Длинно. Нудно. Неинтересно. Но это наша действительность.
Заранее прошу прощения у утонченных натур. Но … из песни слова не выкинешь. 

      Болеть плохо. А болеть тяжело – еще хуже. Но куда деться от болячек, если они настигают тебя не в то время, не в тот час и даже не в том месте…  Кто от них застрахован? Пожалуй, никто. Сегодняшняя медицина далеко не идеальна. Вот смотрим мы фильмы и умиляемся, ну, какие же есть врачи на белом свете. Даже дома думают о больном: как лечить, чем лечить, прямо мамочки родные для него. И медсестры, и нянечки просто загляденье. Да, кино у нас снимать умеют. Смотришь и веришь.

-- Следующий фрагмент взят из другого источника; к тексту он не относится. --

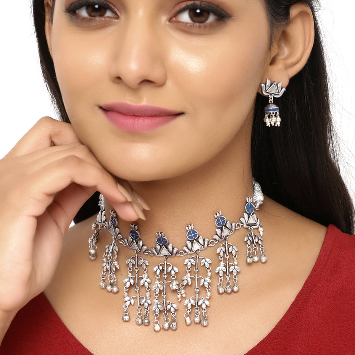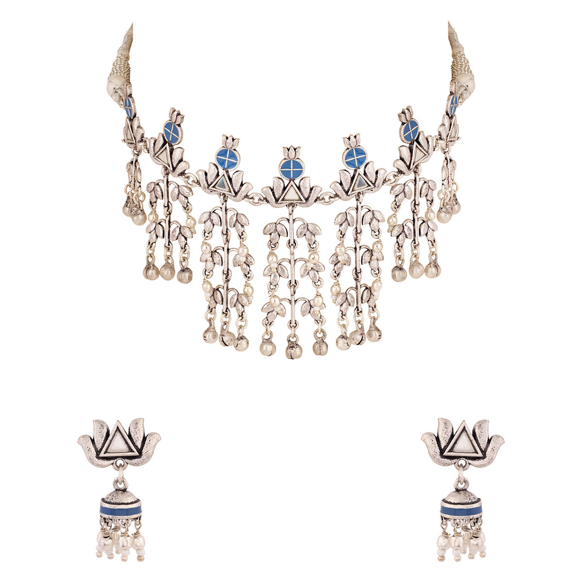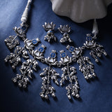 Filigree floral necklace set with oxidised silver plating. Made from brass and enameled. Pair with a trendy saree. This piece of jewelry comes with the Voylla assurance of quality and durability. Caring for your fashion jewelry: We, at Voylla, take care of every piece of jewelry so that you don't spend hours caring for them.

Пока сам не столкнешься с больничной палатой. Тогда розовый цвет становится далеко не розовым, а реальность вокруг даже страшной. От бессердечности. Холодности. Равнодушия.
     Сразу оговорюсь. Есть огромное количество медперсонала, санитарок, врачей, честно  и добросовестно выполняющих свою работу.  Им низкий поклон и огромная благодарность за доброе сердце, чуткие руки. Но сегодня речь не о них.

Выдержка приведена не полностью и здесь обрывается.